Learn more: Understanding effect sizes in corpus linguistics

Reporting Your Results

How to Report Keyness Statistics

When writing about your findings, follow these conventions:

For individual words/features:

Report both LL and LR values
Include the significance level
Provide context about frequency and direction

Examples:

The word evidence was significantly more frequent in academic papers than in student essays (LL = 15.23, p < 0.001, LR = 1.87), appearing approximately 3.6 times more often.

Modal verbs showed significant overuse in student writing compared to published articles (LL = 23.45, p < 0.001, LR = 1.12), occurring about 2.2 times more frequently.

While however appeared significantly more often in the academic corpus (LL = 8.91, p < 0.01), the effect size was modest (LR = 0.65), representing a 1.6-fold increase in frequency.

For patterns across multiple features:

Several features distinguished the two corpora significantly (p < 0.01).

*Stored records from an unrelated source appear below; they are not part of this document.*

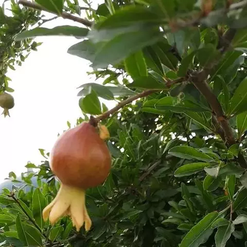 石榴(拉丁名:Punica granatum L.)落叶乔木或灌木;单叶,通常对生或簇生,无托叶。花顶生或近顶生,单生或几朵簇生或组成聚伞花序,近钟形,裂片5-9,花瓣5-9,多皱褶,覆瓦状排列;胚珠多数。浆果球形,顶端有宿存花萼裂片,果皮厚;种子多数,浆果近球形,果熟期9-10月。外种皮肉质半透明,多汁;内种皮革质。
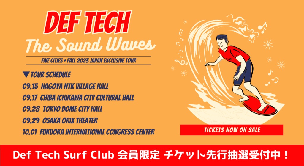 今夏も各地のフェスやイベントを席巻するDef Tech。ツアーに先駆け、最新アーティスト写真の公開と共にファンクラブサイトにてチケット最速先行受付もスタートした。
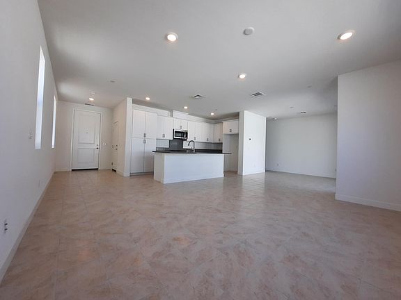 The open layout connects the kitchen, dining, and living areas, creating a bright and comfortable space. The kitchen includes stainless steel appliances, plenty of cabinets, and a center island that also serves as a breakfast bar.
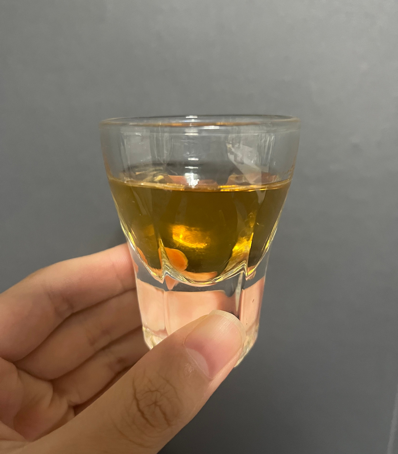 잔에 따른 술은 흔히 마시는 위스키와 비슷한 색을 보여준다. 짙은 노란 빛깔을 가진채 반짝이는 것이 전통주에서 쉽게 볼 수 없는 색이라 그런지 확실히 맛이 기대되게 만든다.
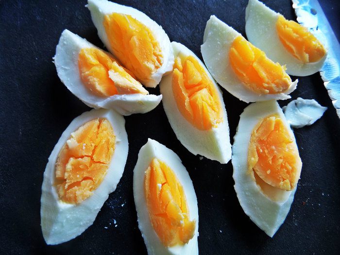 Помидоры черри разрезать пополам. У меня 7 красных и 3 желтых, но последние особо для вкуса не играют роль.
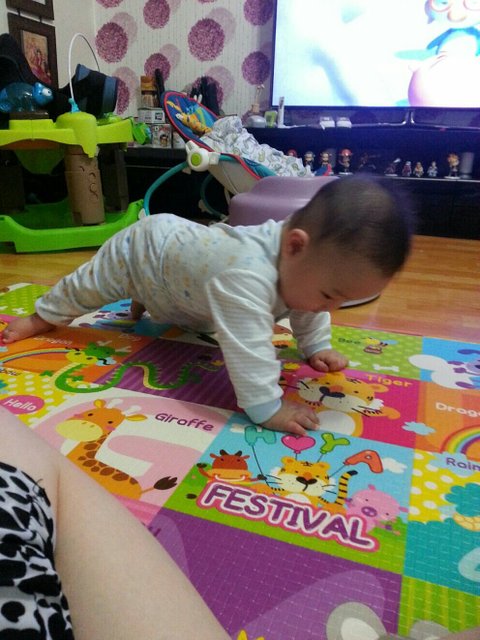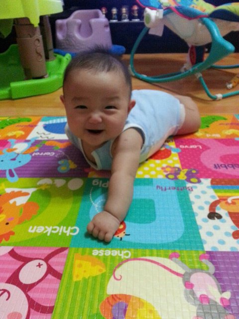 두둥.... 이날은 처음으로 배밀이를 하던날임 ㅎㅎ
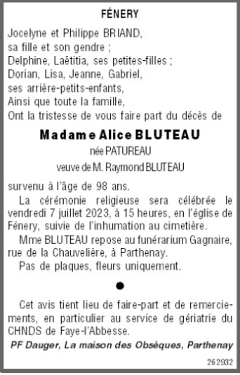 Cet espace « condoléances » est dédié à la mémoire de Madame Alice BLUTEAU née PATUREAU.
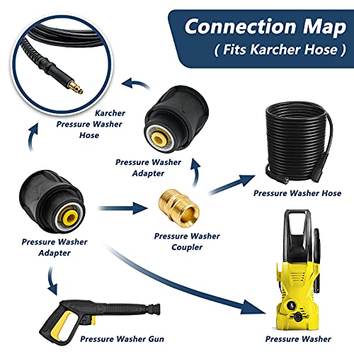 [Funzionamento semplice]: il connettore in linea del tubo ad alta pressione della macchina per la pulizia ad alta pressione Karcher, l'interfaccia a innesto rapido a un pulsante è fissata saldamente e in sicurezza senza perdite d'acqua e scarico della pressione.
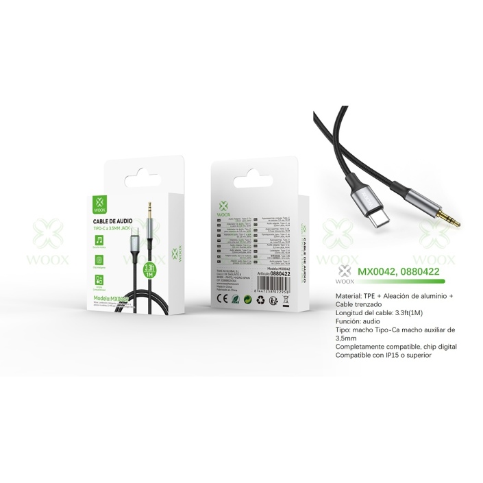 WOOX MX0042 AUDIO CABLE 3.5MM AUX TO TYPE-C 1M NEGRO
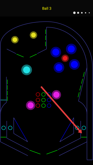 2、游戏过程中,点击屏幕对应位置,弹出铁球进入弹珠台轨道,通过碰撞彩色圆球获取分数,探索轨道布局。
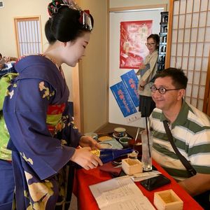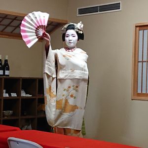 中に入ると、部屋の一方に低い「ステージ」に向かっていくつかのベンチの列があります。全員が席に着くと、舞妓が入ってきます。舞妓のための英語の通訳はとても良かったです。舞妓は自己紹介をし、彼女との写真を撮る機会があり、彼女の名前が押印された紙を受け取ることができます(もちろん日本語で)。全員が写真を撮った後、舞妓は2つの踊りを披露します。その後、質疑応答の時間があり、舞妓が飲みゲームのルールを説明します。彼女と通訳が一度ゲームをデモンストレーションし、その後舞妓は一連のボランティアに前に出て挑戦するように求めます。負けても心配しないでください。日本酒の代わりに水を飲むことを選ぶことができます!
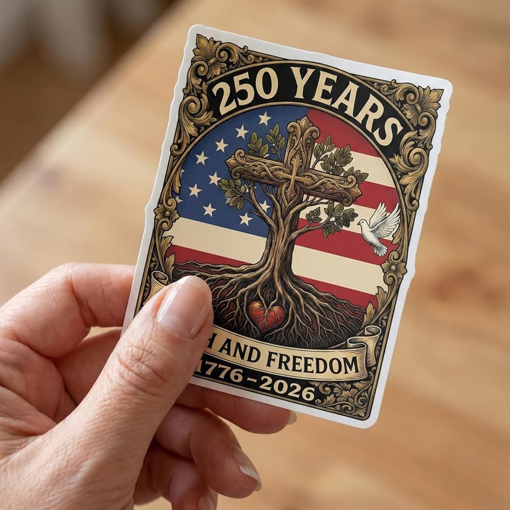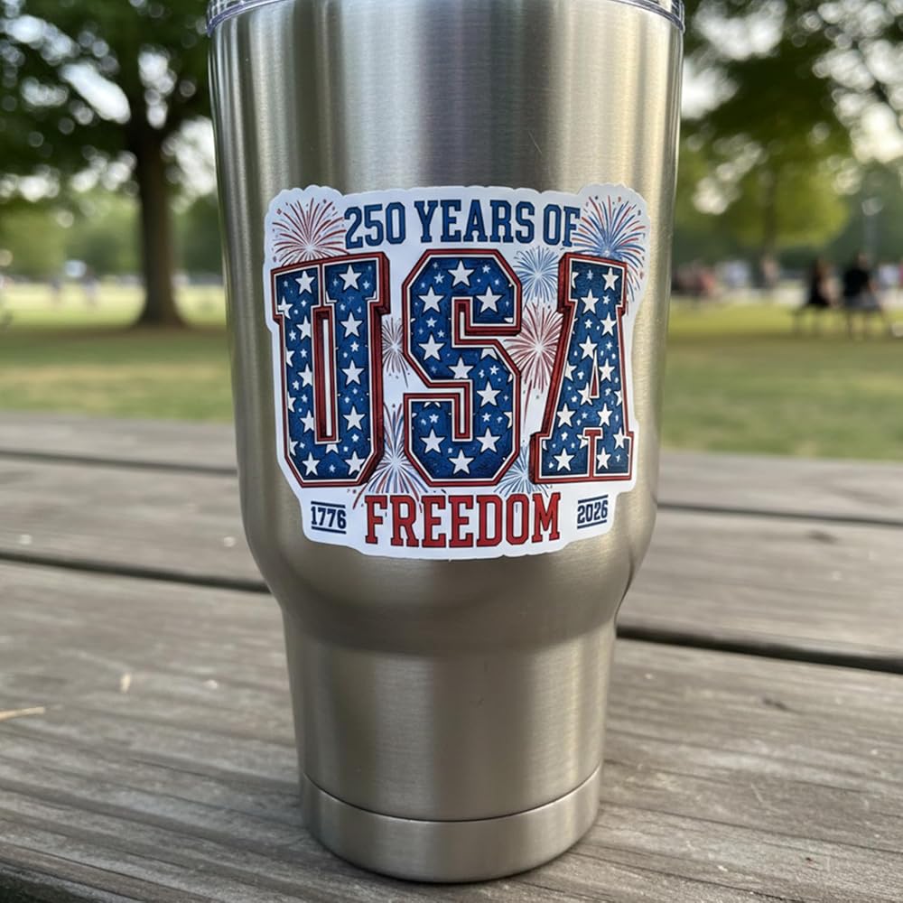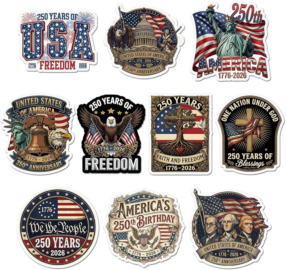 Celebrate America's 250th anniversary with these premium vinyl stickers commemorating this historic milestone from 1776 to 2026. Each patriotic design features iconic American symbols including the Statue of Liberty, bald eagle, American flag, and Capitol building, beautifully rendered in rich red, white, and blue colors with vintage-inspired details. These waterproof and UV-resistant stickers measure approximately 2.5 to 3 inches and are perfect for personalizing water bottles, laptops, planners, or any smooth surface. The high-quality vinyl construction ensures durability while the die-cut shape provides a clean, professional look. Easy to apply and built to last, these stickers feature detailed artwork celebrating themes of freedom, faith, and the American spirit. The collection includes multiple unique designs that capture 250 years of American heritage, making them ideal for showing your patriotic pride during this momentous anniversary celebration. Each sticker is individually crafted with a glossy finish that enhances the vibrant artwork while providing protection against everyday wear.
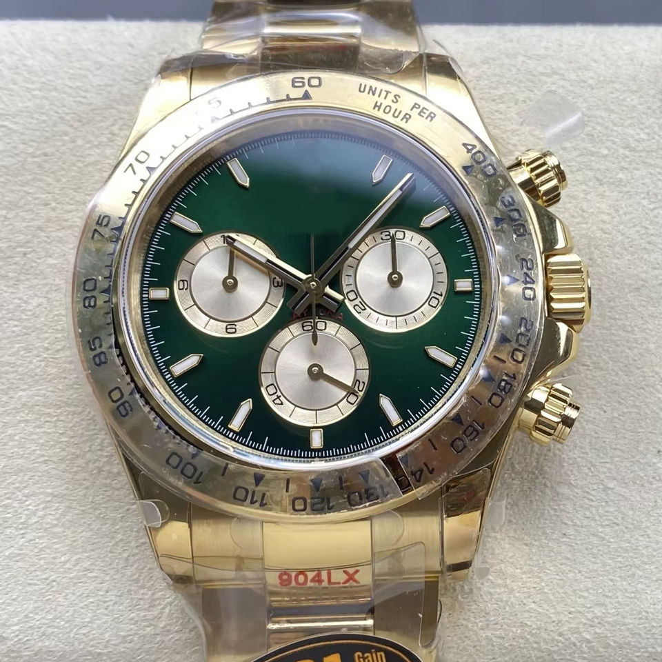 New Luxury 40mm Mechanical Watch Super Quality QF Factory 904L Steel 4131 Movement Weight 180g 126508 Gold Green Chrono Watch
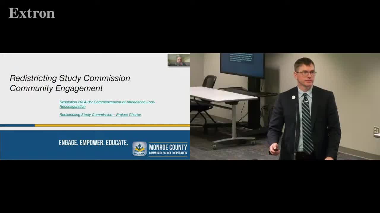 The Redistricting Study Commission told the Monroe County Community School Corporation board on July 8 that it has evaluated 19 redistricting scenarios and will refine the strongest maps this fall.
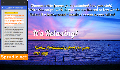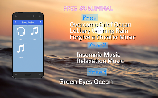 Darmowa aplikacja Sublimina. Ponad 30 programów podprogowych do użycia. Działa tylko w nowszych systemach operacyjnych. Subliminal audio pomoże Ci ze stresem, niepokojem, rzucić palenie, utraty wagi, rosnąć wyższy, pokonać smutek i wiele więcej. Nic do stracenia. Wystarczy pobrać i grać. Pliki do pobrania i bezpłatne pliki do pobrania bez reklamy. Tło to fale oceanu lub deszcz, a każdy utwór jest ponad 10 minut. Journey Healing.
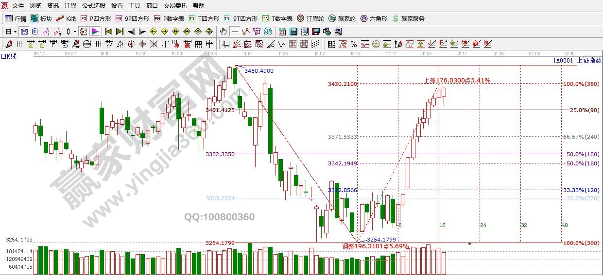 ★依據贏家江恩理論系統江恩波段百分比提示:滬指盤中再次回踩90度3400附近后回升,短線支撐依舊是3401點,以及240度3380附近。阻力位關注百分比45度線3425點附近。
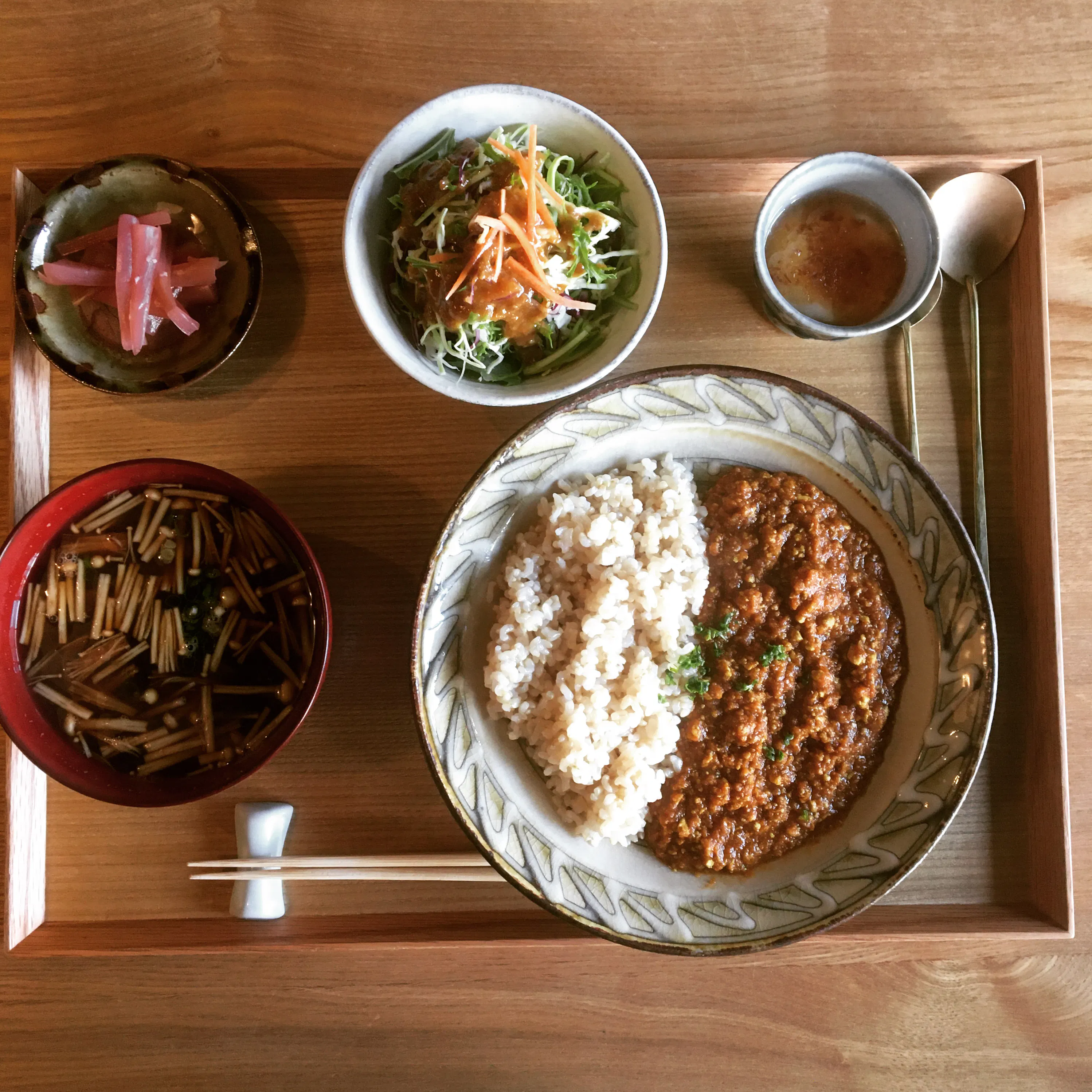 こちらのセットお味噌汁のお味噌を選べて、発酵食品たっぷりです。さらに味噌キーマカレーは、チーズ、キムチ、納豆、ヨーグルト味噌漬けの卵のトッピングも選べて発酵食品同士のマリアージュをお楽しみ頂けます。

The strongest keywords in the target corpus were technical terms like “methodology” (LL = 28.7, LR = 2.1) and “analysis” (LL = 19.3, LR = 1.4), while the reference corpus was characterized by personal pronouns such as “I” (LL = 45.2, LR = -1.8) and “my” (LL = 22.1, LR = -1.5).

Reporting Guidelines

Tip

Best practices for academic writing:

Always report both statistics: LL shows evidence strength, LR shows effect size
Include significance levels: Use p < 0.05, p < 0.01, or p < 0.001
Interpret the direction: Specify which corpus shows higher frequency
Provide context: Convert LR to fold-change (2^LR) for clarity
Be selective: Focus on the most meaningful differences, not every significant result
Round appropriately: LL to 2 decimal places, LR to 2-3 decimal places

Reporting Guidelines

Tip

Best practices for academic writing:

Always report both statistics: LL shows evidence strength, LR shows effect size
Include significance levels: Use p < 0.05, p < 0.01, or p < 0.001
Interpret the direction: Specify which corpus shows higher frequency
Be selective: Focus on the most meaningful differences, not every significant result
Round appropriately: LL to 2 decimal places, log-ratio to 2-3 decimal places

Understanding Your Results: A Beginner’s Guide

What makes a strong keyword?

High log-likelihood (LL ≥ 10): Strong evidence for a difference
Meaningful log-ratio (|LR| ≥ 1): At least 2× difference in frequency
Sufficient frequency: Appears multiple times in your corpus (not just once or twice)

Reading the statistics together:

High LL, high log-ratio: Strong evidence for a large effect (your best keywords)
High LL, low log-ratio: Strong evidence for a small effect (consistent but modest difference)
Low LL, high log-ratio: Weak evidence for a large effect (potentially unreliable due to low frequency)

Tips for New Users

Tip

Start simple: Begin with “Tags Only” to get an overview of broad patterns
Look for patterns: Focus on words/tags with both high LL and meaningful log-ratio
Use filters: Narrow down to specific grammatical categories to find targeted differences
Compare wisely: Ensure your reference corpus is appropriate for your research question
If you don’t see any data, make sure both corpora are loaded and processed
Use the plot view to quickly spot the most distinctive features
Download your results often so you can experiment without losing your work

If You Get Stuck

Important

Use the reset button on the Manage Corpus Data page if you need to start over
If you see warnings, check that both corpora are loaded and processed
Remember: No results might mean your corpora are actually quite similar!